Sobre la teatralidad anterior a la consolidación del teatro cerrado, el cuerpo se sitúa en una
condición que reconfigura los espacios habituales. Es decir, no existe un único lugar predeterminado
frente al cual permanecer; por el contrario, la movilidad de los cuerpos, explica Ortiz, “es la que hace
la suma de la experiencia” (Ortiz, 2023, p.72). Por tanto, el lugar del teatro es el cuerpo del espectador
antes que el tablado. La experiencia teatral supone que el cuerpo del espectador tenga la posibilidad de
detenerse o de percibir aspectos del entorno no privilegiados por la acción escénica.
Uno de los temas recurrentes en la primera parte del libro de Rubén Ortiz es el de las implicaciones del aparato perspectivista y la tendencia wagneriana que inaugura la economía política del
teatro, a saber, un dispositivo escénico dentro de un dispositivo arquitectónico, a su vez inscrito en un
aparato epocal que distribuye cuerpos, jerarquiza la palabra y fomenta la división del trabajo. A juicio
del autor, la reforma arquitectónica atribuida al austriaco Otto Wagner concluye un proceso de transformación del espacio en el que la sala no solo se subsume al escenario, sino que, antes bien, este la
desplaza. Se trata de un cisma arquitectónico moderno, ideológico y somático, que inaugura la noción
de “atención total” del espectador sentado, con la vista fija en un solo punto redefiniendo no solo el
qué, sino el cómo mirar una obra. A mi juicio, en este periodo se afianza la pulsión escópica del brillo
moderno del capital, saber que la agalma o brillo fálico del objeto de deseo se concentra en un único
punto del escenario, reordenando la mirada y alienando al espectador.
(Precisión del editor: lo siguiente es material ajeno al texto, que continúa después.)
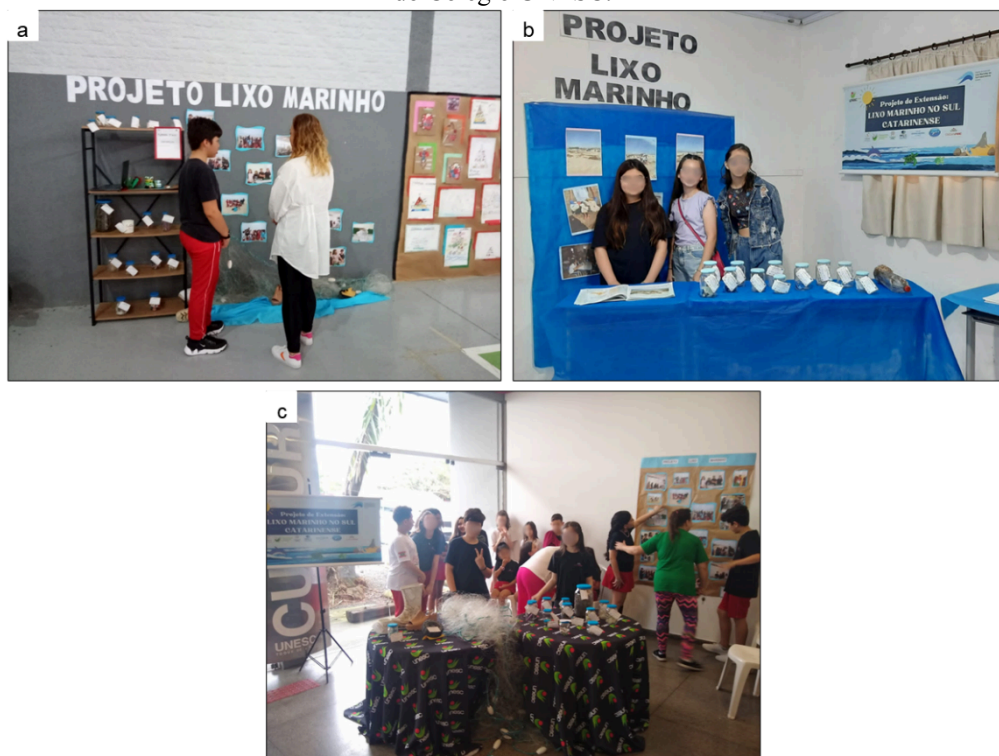
Figura 2: a: Mostra pedagógica apresentada pelos alunos dos 5º anos do colégio UNESC. b: Feira de ciência ocorrida na Escola Manoel Rodrigues da Silva apresentada pelos alunos dos 6º anos. c: IX Feira de Ciência da UNESC, realizada durante a XIV Semana de Ciência e Tecnologia da UNESC apresentada pelos alunos 5º anos do Colégio UNESC.

El investigador del CITRU, Rubén Ortiz, trae a la discusión la Carta a D’Alembert sobre los
espectáculos de Jean-Jacques Rousseau, escrita como respuesta al artículo “Ginebra” del volumen séptimo de la Enciclopedia. En esta extensa carta, Rousseau contrapone, como es de esperar, las lógicas
civilizatorias de las capitales, en particular París, con los modos relacionales de lo que denomina la
tradición de las pequeñas ciudades suizas, como Ginebra o como Neuchâtel, frente a la instalación de
espectáculos fijos.
A su juicio, la instalación de estos espectáculos provocaría cinco perjuicios: el relajamiento
del trabajo, el aumento del gasto, la disminución de la producción, el establecimiento de impuestos y
la introducción del lujo. En suma, para Rubén Ortiz, el pasaje rousseauniano permite explicar cómo la
metáfora teatral implica la privatización de las lógicas comunales y el surgimiento de la división del
trabajo y de la multiplicación de saberes. Se trata de un colonialismo suave “al que Rousseau no está
dispuesto a abrir las puertas de manera sencilla. Una metáfora teatral puede acabar con un pueblo”
(Ortiz, 2023, p.89).
En la segunda parte de En busca del espectador, titulada En montaje, se despliega una serie de
tratados que versan sobre las imágenes, la agitación, los pueblos y la democracia, en donde se esbozan
algunos eslabones de lo que podría ser al menos una arqueología del montaje, en las que se destaca no
tanto la imitación de la realidad, sino la ocupación de esta.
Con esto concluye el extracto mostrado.